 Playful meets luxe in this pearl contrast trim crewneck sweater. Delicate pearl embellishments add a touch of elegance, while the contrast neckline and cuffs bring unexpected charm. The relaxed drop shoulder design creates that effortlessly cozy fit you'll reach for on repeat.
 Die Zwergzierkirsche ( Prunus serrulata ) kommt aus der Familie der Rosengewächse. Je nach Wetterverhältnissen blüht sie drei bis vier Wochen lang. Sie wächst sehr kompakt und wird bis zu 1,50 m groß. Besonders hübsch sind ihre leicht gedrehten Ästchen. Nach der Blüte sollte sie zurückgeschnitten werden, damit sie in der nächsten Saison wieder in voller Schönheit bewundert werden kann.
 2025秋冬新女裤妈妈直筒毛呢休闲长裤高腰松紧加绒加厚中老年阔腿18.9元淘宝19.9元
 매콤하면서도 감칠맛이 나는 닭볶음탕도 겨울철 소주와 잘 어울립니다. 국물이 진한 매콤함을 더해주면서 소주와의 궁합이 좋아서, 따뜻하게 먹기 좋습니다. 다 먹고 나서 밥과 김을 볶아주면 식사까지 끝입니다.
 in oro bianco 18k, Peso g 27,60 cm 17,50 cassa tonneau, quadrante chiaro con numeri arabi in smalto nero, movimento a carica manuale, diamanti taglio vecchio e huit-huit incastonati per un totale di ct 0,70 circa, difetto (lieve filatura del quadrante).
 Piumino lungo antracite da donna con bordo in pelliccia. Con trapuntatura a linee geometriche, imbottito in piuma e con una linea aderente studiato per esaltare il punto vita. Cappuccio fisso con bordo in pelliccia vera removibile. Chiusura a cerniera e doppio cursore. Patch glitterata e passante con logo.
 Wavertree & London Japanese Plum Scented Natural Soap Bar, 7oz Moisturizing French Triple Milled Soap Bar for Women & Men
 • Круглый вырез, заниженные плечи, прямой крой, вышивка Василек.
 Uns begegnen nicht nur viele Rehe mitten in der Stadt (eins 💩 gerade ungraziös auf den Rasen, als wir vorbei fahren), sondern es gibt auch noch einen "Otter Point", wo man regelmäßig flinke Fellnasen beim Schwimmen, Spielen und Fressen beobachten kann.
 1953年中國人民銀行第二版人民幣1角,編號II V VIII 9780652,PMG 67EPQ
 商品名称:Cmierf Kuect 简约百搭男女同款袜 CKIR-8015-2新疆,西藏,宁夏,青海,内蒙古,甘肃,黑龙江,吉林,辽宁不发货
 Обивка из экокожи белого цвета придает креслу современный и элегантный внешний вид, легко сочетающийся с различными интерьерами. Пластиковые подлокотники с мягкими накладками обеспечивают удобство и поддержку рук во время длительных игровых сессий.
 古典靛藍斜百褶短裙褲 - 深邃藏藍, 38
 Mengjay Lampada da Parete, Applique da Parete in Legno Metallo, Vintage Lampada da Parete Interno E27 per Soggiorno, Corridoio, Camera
---
[What is being asked]: Find the line that contains "古典靛藍斜百褶短裙褲 - 深邃藏藍, 38" in the listing above. Retype it and every line after it up to the last, exactly, and nothing else.

[Solution below]:
 古典靛藍斜百褶短裙褲 - 深邃藏藍, 38
 Mengjay Lampada da Parete, Applique da Parete in Legno Metallo, Vintage Lampada da Parete Interno E27 per Soggiorno, Corridoio, Camera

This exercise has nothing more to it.